Today we launch a new regular bonus member feature for 2026, published exclusively for Steady members. It will come in addition to our Book of the Month author interviews.
It’s a resurrection of sorts — a seasonal reimagining of the Pleasures feature (Abre numa nova janela) we ran on the main site until 2019. Once a quarter, we’ll invite a different writer to share their most favourite and pleasurable moments of Spring, Summer, Autumn or Winter. For the first time ever, these pieces will each come with a specially commissioned illustration from our good friend Adam Higton.
We couldn’t be more thrilled that the very first writer to take this on is longtime site contributor and friend of the River Amy Liptrot. Read on for the joys of clear night skies, rosy cheeks, cold air in the lungs and ice smashed with sticks.
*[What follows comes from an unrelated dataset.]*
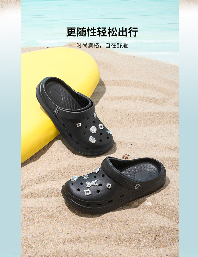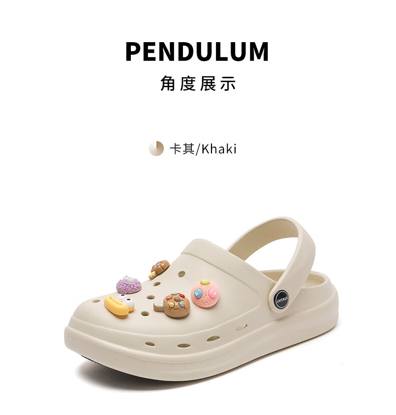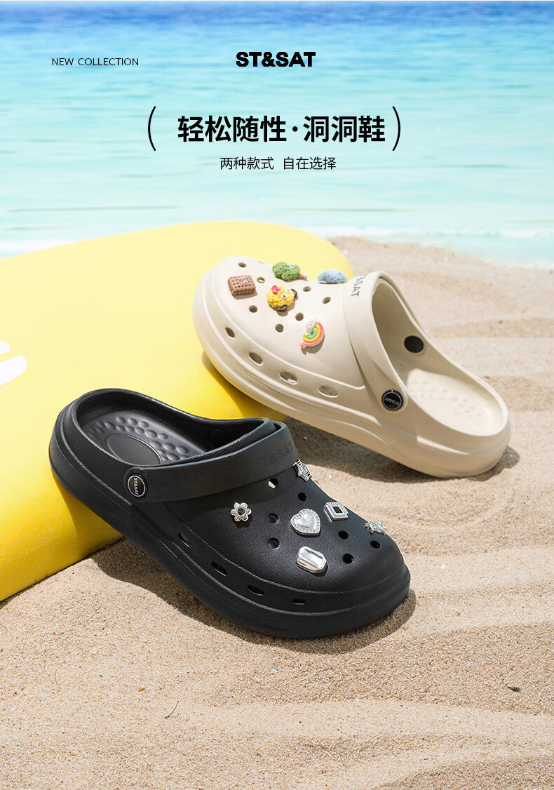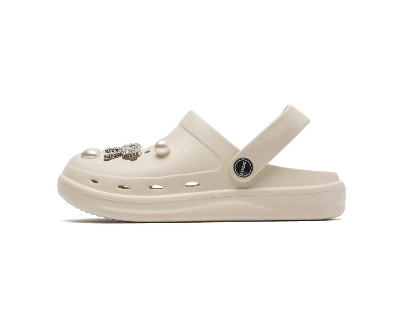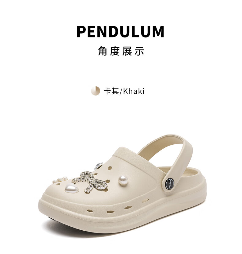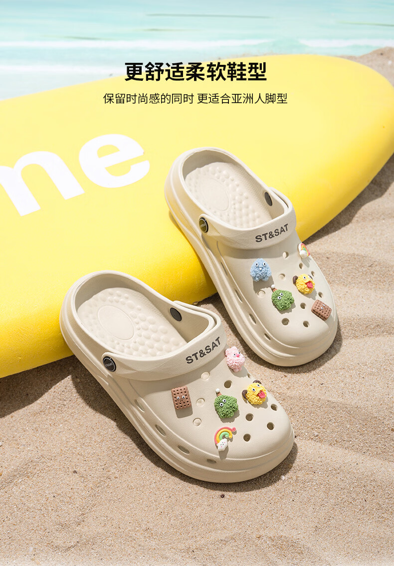 星期六(St&Sat)时尚百搭凉鞋夏季外穿套脚洞洞鞋防水一脚蹬沙滩鞋休闲拖鞋女鞋 卡其色 【珍珠爱心】 38

It took some persuasion to get the boys into their cold weather gear and outside. In the woods, I call them to be careful of sliding on ice but they’re already charging ahead. Only a few people have been along the snow-covered forest road and alongside their footprints are the tracks of an array of other animals: deer, squirrels, different sizes of bird and dogs (“fox?” ventures the eight-year-old). The snow has revealed the richness of animal life in our local spot: the beasts who make their moves when we are out of sight.
When we get to the pond where I intend to swim, it is frozen solid. This provides a perfect job for the kids. They find a couple of sticks — or “boffers” as the five-year-old calls them — and begin smashing at the ice. I help by sitting on the edge and pushing the ice away with my boots. We manage to clear a bathtub-size plunge hole. I strip down to my swimsuit, pull on my neoprene boots and gloves. The boys are unperturbed, they have grown up with me doing this around them.